## WORK REQUIRED
Beginning with the line that holds "Рисунок 6 – Стойня и ее 3D-модель реставрации" and ending with the last line of the entries, please output each line exactly, apart from any pictures.

Stored entries:
--------------------
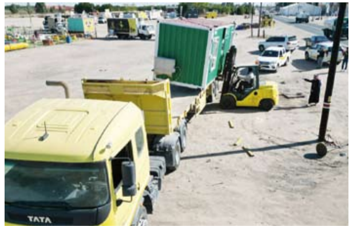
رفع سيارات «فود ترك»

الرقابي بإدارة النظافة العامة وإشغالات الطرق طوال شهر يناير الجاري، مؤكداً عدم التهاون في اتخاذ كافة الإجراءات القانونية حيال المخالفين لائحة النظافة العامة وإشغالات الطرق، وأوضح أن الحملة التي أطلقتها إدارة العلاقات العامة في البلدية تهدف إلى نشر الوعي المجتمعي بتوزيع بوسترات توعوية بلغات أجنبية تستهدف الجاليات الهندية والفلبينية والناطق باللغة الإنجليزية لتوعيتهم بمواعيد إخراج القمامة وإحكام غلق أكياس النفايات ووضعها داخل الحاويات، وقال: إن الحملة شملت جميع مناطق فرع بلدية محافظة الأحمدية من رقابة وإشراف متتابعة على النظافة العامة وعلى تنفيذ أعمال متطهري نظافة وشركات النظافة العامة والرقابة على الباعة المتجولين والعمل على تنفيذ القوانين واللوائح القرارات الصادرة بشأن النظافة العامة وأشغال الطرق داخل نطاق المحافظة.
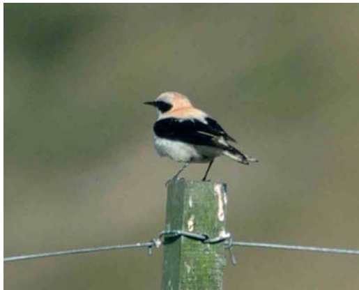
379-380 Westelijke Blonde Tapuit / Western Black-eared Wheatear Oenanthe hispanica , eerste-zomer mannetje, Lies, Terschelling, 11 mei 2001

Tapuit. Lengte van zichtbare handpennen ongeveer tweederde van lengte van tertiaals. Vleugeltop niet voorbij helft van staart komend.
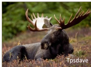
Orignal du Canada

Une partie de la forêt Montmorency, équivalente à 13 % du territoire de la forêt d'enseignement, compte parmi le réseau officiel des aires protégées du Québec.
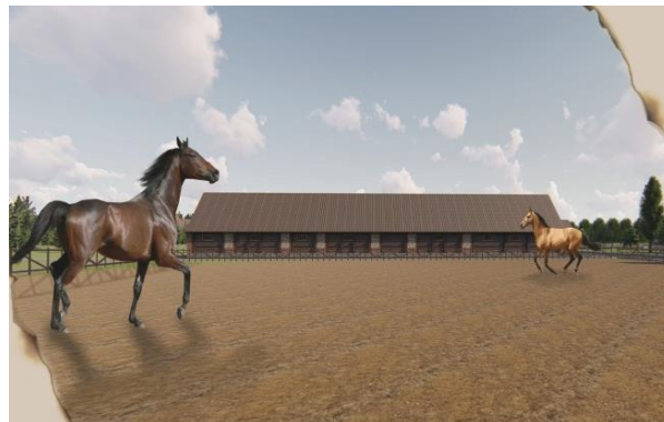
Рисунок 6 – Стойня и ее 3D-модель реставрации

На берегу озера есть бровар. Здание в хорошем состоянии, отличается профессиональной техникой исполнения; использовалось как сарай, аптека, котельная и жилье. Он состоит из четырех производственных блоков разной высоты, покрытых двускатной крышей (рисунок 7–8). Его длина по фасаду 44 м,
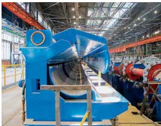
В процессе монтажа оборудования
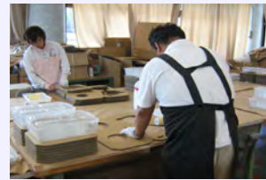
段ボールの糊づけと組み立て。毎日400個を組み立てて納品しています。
--------------------
## ANSWER TO THIS PROBLEM
Рисунок 6 – Стойня и ее 3D-модель реставрации

На берегу озера есть бровар. Здание в хорошем состоянии, отличается профессиональной техникой исполнения; использовалось как сарай, аптека, котельная и жилье. Он состоит из четырех производственных блоков разной высоты, покрытых двускатной крышей (рисунок 7–8). Его длина по фасаду 44 м,
В процессе монтажа оборудования
段ボールの糊づけと組み立て。毎日400個を組み立てて納品しています。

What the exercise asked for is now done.